Spock was on the other side of the room, observing a drunk Jim probably making sure he doesn't burst into karaoke again.
I sipped on the cool whisky in my hand, wishing so desperately it would numb the feelings in my stomach as I was told it could.
I had no reason to feel this way, just a couple of hours ago I was happily lying in bed with Spock, after another night of passion, and sweet comforts.
Now that seemed like days ago, I was ready to walk out of this dumb party but every once and a while Spock would either come over, or give a look, as though he was asking me to stay for a little bit longer.
He wouldn't even say anything, since I was sat next to the drinks table I figured most of the time it was the others asking Spock to go get more drinks but for a second he'd grip my hand quickly, or simply kiss my cheek.
I felt as though I could lean over and be sick right now, my body ached but regardless I reached for another drink.
I watched as Jim drunkenly gestured to the woman sitting next to him, seeming pushing her in Spocks direction.

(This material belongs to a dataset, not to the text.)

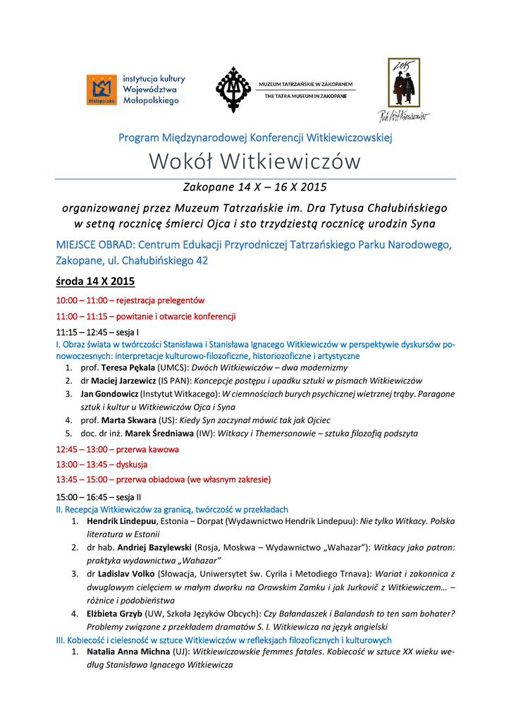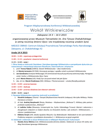 Program Międzynarodowej Konferencji Witkiewiczowskiej Wokół Witkiewiczów Zakopane 14 X – 16 X 2015 organizowanej przez Muzeum Tatrzańskie im. Dra Tytusa Chałubińskiego w setną rocznicę śmierci Ojca i sto trzydziestą rocznicę urodzin Syna MIEJSCE OBRAD: Centrum Edukacji Przyrodniczej Tatrzańskiego Parku Narodowego, Zakopane, ul. Chałubińskiego 42 środa 14 X 2015 10:00 – 11:00 – rejestracja prelegentów 11:00 – 11:15 – powitanie i otwarcie konferencji 11:15 – 12:45 – sesja I I. Obraz świata w twórczości Stanisława i Stanisława Ignacego Witkiewiczów w perspektywie dyskursów ponowoczesnych: interpretacje kulturowo-filozoficzne, historiozoficzne i artystyczne 1. prof. Teresa Pękala (UMCS): Dwóch Witkiewiczów – dwa modernizmy 2. dr Maciej Jarzewicz (IS PAN): Koncepcje postępu i upadku sztuki w pismach Witkiewiczów 3. Jan Gondowicz (Instytut Witkacego): W ciemnościach burych psychicznej wietrznej trąby. Paragone sztuk i kultur u Witkiewiczów Ojca i Syna 4. prof. Marta Skwara (US): Kiedy Syn zaczynał mówić tak jak Ojciec 5. doc. dr inż. Marek Średniawa (IW): Witkacy i Themersonowie – sztuka filozofią podszyta 12:45 – 13:00 – przerwa kawowa 13:00 – 13:45 – dyskusja 13:45 – 15:00 – przerwa obiadowa (we własnym zakresie) 15:00 – 16:45 – sesja II II. Recepcja Witkiewiczów za granicą, twórczość w przekładach 1. Hendrik Lindepuu, Estonia – Dorpat (Wydawnictwo Hendrik Lindepuu): Nie tylko Witkacy. Polska literatura w Estonii 2. dr hab. Andriej Bazylewski (Rosja, Moskwa – Wydawnictwo „Wahazar”): Witkacy jako patron: praktyka wydawnictwa „Wahazar” 3. dr Ladislav Volko (Słowacja, Uniwersytet św. Cyrila i Metodiego Trnava): Wariat i zakonnica z dwuglowym cielęciem w małym dworku na Orawskim Zamku i jak Jurkovič z Witkiewiczem… – różnice i podobieństwa 4. Elżbieta Grzyb (UW, Szkoła Języków Obcych): Czy Bałandaszek i Balandash to ten sam bohater? Problemy związane z przekładem dramatów S. I. Witkiewicza na język angielski III. Kobiecość i cielesność w sztuce Witkiewiczów w refleksjach filozoficznych i kulturowych 1. Natalia Anna Michna (UJ): Witkiewiczowskie femmes fatales. Kobiecość w sztuce XX wieku według Stanisława Ignacego Witkiewicza 2. Justyna Staroń (KUL): Kobiety w życiu Stanisława Witkiewicza. Glosy do listów 3. Magdalena Jarnotowska (UŁ): Rytuały cielesne Jadwigi i Stanisława Ignacego Witkiewiczów [komunikat] 16:45 – 17:00 – przerwa kawowa 17:00 – 18:45 – sesja III IV. Przyjaźnie, spotkania genealogie (cz. 1) 1. Elżbieta Witkiewicz-Schiele (rodzina Witkiewiczów): Nie tylko Witkiewiczowie… Dwa wieki z rodzinami Prószyńskich, Becków, Rabowskich i Schielów od Syberii po Zakopane 2. dr Maciej Pinkwart (wyst. ind.): Zakopiańskie szlaki Witkiewiczów 3. dr hab. Jerzy M. Roszkowski (MT): Witkiewiczowie – Piłsudscy. Wzajemne relacje 4. Lesław Dall (MT): Ziuk i Kochany Drogi Wujaszek, czyli Józef Piłsudski i Stanisław Witkiewicz 5. dr Marek Kochanowski (UwB): Obraz nowoczesnego świata w późnej twórczości Andrzeja Struga i w wybranych utworach Witkacego. Ścieżki wspólne 6. Maciej Krupa (Fundacja „Zakopiańczycy. W poszukiwaniu tożsamości”): Narty to jednak coś 7. prof. Wojciech Kosiński (PK): Wkład Witkiewiczów – Ojca i Syna – w kulturę, ze szczególnym uwzględnieniem stylu zakopiańskiego 18:45 – 19:15 – dyskusja 15 X 2015 (czwartek) 9:00 – 10:30 – sesja IV V. Gościnny blok literacki 1. Wiesław Aleksander Wójcik (CBG PTTK w Krakowie): „Na przełęczy” Stanisława Witkiewicza w wielkich syntezach literatury polskiej 2. dr Jakub Żmidziński (Uniwersytet Artystyczny w Poznaniu): Motywy muzyczne w prozie tatrzańskiej Stanisława Witkiewicza 3. prof. Dorota Heck (UWr): Stanisław Ignacy Witkiewicz w świetle postkolonializmu 4. prof. Małgorzata Łoboz (UWr): Zakryte Zaryte, czyli zakopiańszczyzna na styku kultur. Dygresje na marginesie lektury Witkacego 5. dr hab. Bogusław Bednarek (UWr): Rafała Malczewskiego „Od cepra do wariata” 10:30 – 11:15 – dyskusja 11:15 – 11:30 – przerwa kawowa 11:30 – 13:15 – sesja V VI. Witkacy – filozofia i jej pogranicza 1. dr hab. Andrzej Ostrowski (UMCS): Wspomnienia „Ja”, czyli o próbie przełamania solipsyzmu przez S. I. Witkiewicza 2. prof. Krzysztof Kościuszko (UWM): Witkacy uwikłany w spór między absolutną a relacyjną teorią przestrzeni 3. dr Magdalena Bizior-Dombrowska (UMK): „Nd. Pkl. + R. Ż. max” – Witkacego nuda „metafizycznego rzędu” 4. dr Maciej Dombrowski (UWr): Filozofia w przebraniu powieści. O Jedynym wyjściu Stanisława Ignacego Witkiewicza 5. Przemysław Pawlak (IW): Przeszczep głowy i gruczołów – biocybernetyczny tryumf mechanicyzmu w dramatach Witkacego 6. Magdalena Baraniak (UMK): Czy Witkacy stał się „eleuterystą”? Spór Stanisława Witkiewicza i Witkacego o romantyzm 7. Michał Deniziak (UW): Stanisław Witkiewicz w poszukiwaniu religii żywej 2 13:15 – 13:45 – dyskusja 13:45 – 15:00 – przerwa obiadowa (we własnym zakresie) 15:00 – 16:30 – sesja VI VII. Sztuki plastyczne 1. prof. Anna Sieradzka (UW): Stanisław Witkiewicz jako inspirator stylu zakopiańskiego w modzie kobiecej czasów Młodej Polski 2. dr Anna Żakiewicz (wys. ind.): Witkiewicz czy Witkacy? Spór o autorstwo pejzażu Przedwiośnie z kolekcji Janusza Jagmina 3. dr Małgorzata Vražič (UW): Lovrańskie pejzaże – polskie dylematy. Stanisław Witkiewicz w Lovranie 4. Magdalena Julia Staniucha (UJ): Wiatr Halny i problem Stimmungu w teorii i praktyce artystycznej Stanisława Witkiewicza 5. Beata Zgodzińska (Muzeum Pomorza Środkowego w Słupsku): O różnych sposobach ukazywania twarzy w portretach pastelowych Witkacego… 6. Paweł Polit (Muzeum Sztuki w Łodzi): Przestrzenie malarskie ciała własnego: Witkacy i MerleauPonty 16:30 – 16:45 – przerwa kawowa 16:45 – 17:45 – sesja VII VIII. Epistolografia, językoznawstwo 1.

Without thinking, I held onto the glass in my hand so tight it shattered.
Random pieces of shrapnel stuck in my hand, Blood dripped down onto my thigh, normally jealously wasn't a feeling I was prone to but tonight was different. I'd had more than enough, swiping a bottle no one seemed to notice as I got up and left.
For a while, I just sort of walked around numbness over took me Finally as I drank more and more. Blood stained my pants as I held my hand against my leg trying to conceal some of the blood as I walked past the med-bay, going to my room.
I sat down on the edge of my bed, finally looking down at the blood on my hand.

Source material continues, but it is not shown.